Many of the above-described features of example process and related features and applications, may be implemented as software or firmware processes that are specified as a set of instructions recorded on a processor-readable storage medium (also referred to as computer-readable medium). When these instructions are executed by one or more processing unit(s) (e.g., one or more processors, cores of processors, or other processing units), the processing unit(s) are caused to perform the actions indicated in the instructions. Examples of processor-readable media include, but are not limited to, volatile memory, non-volatile memory, as well as other forms of media such as magnetic media, optical media, and electronic media. The processor-readable media does not include carrier waves and electronic signals communicated wirelessly or over wired connections.

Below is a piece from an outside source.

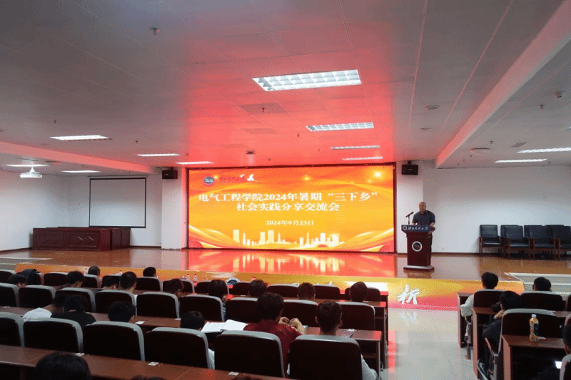 2024年9月23日,電氣工程學院在榆中校區就業大廳舉辦新生入學教育之2024年暑期“三下鄉”社會實踐成果分享交流會。學院黨委書記王振國、院長馬安仁,副院長高明亮、團委書記王小麗、社會實踐學生代表及2024級部分新生300余人參加。

The term “software” is meant to include, where appropriate, firmware residing in memory or applications stored in memory, which may be read into a working memory for processing by a processor. Also, in some implementations, multiple software aspects of the subject disclosure may be implemented as sub-parts of a larger program while remaining distinct software aspects of the subject disclosure. In some implementations, multiple software aspects may also be implemented as separate programs. Finally, any combination of separate programs that together implement a software aspect described here is within the scope of the subject disclosure. In some implementations, the software programs, when installed to operate on one or more electronic systems, define one or more specific machine implementations that execute and perform the operations of the software programs.

It is understood that the specific order or hierarchy of steps in the processes disclosed is presented as an illustration of some exemplary approaches. Based upon design preferences and/or other considerations, it is understood that the specific order or hierarchy of steps in the processes may be rearranged. For example, in some implementations some of the steps may be performed simultaneously. Thus the accompanying method claims present elements of the various steps in a sample order, and are not meant to be limited to the specific order or hierarchy presented.

The phrases “in communication with” and “coupled” mean in direct communication with or in indirect communication with via one or more components named or unnamed herein (e.g., a memory card reader)

A phrase such as an “aspect” does not imply that such aspect is essential to the subject disclosure or that such aspect applies to all configurations of the subject disclosure. A disclosure relating to an aspect may apply to all configurations, or one or more configurations. An aspect may provide one or more examples. A phrase such as an aspect may refer to one or more aspects and vice versa. A phrase such as an “implementation” does not imply that such implementation is essential to the subject disclosure or that such implementation applies to all configurations of the subject disclosure. A disclosure relating to an implementation may apply to all aspects, or one or more aspects. An implementation may provide one or more examples. A phrase such as an “implementation” may refer to one or more implementations and vice versa. A phrase such as a “configuration” does not imply that such configuration is essential to the subject disclosure or that such configuration applies to all configurations of the subject disclosure. A disclosure relating to a configuration may apply to all configurations, or one or more configurations. A configuration may provide one or more examples. A phrase such as a “configuration” may refer to one or more configurations and vice versa.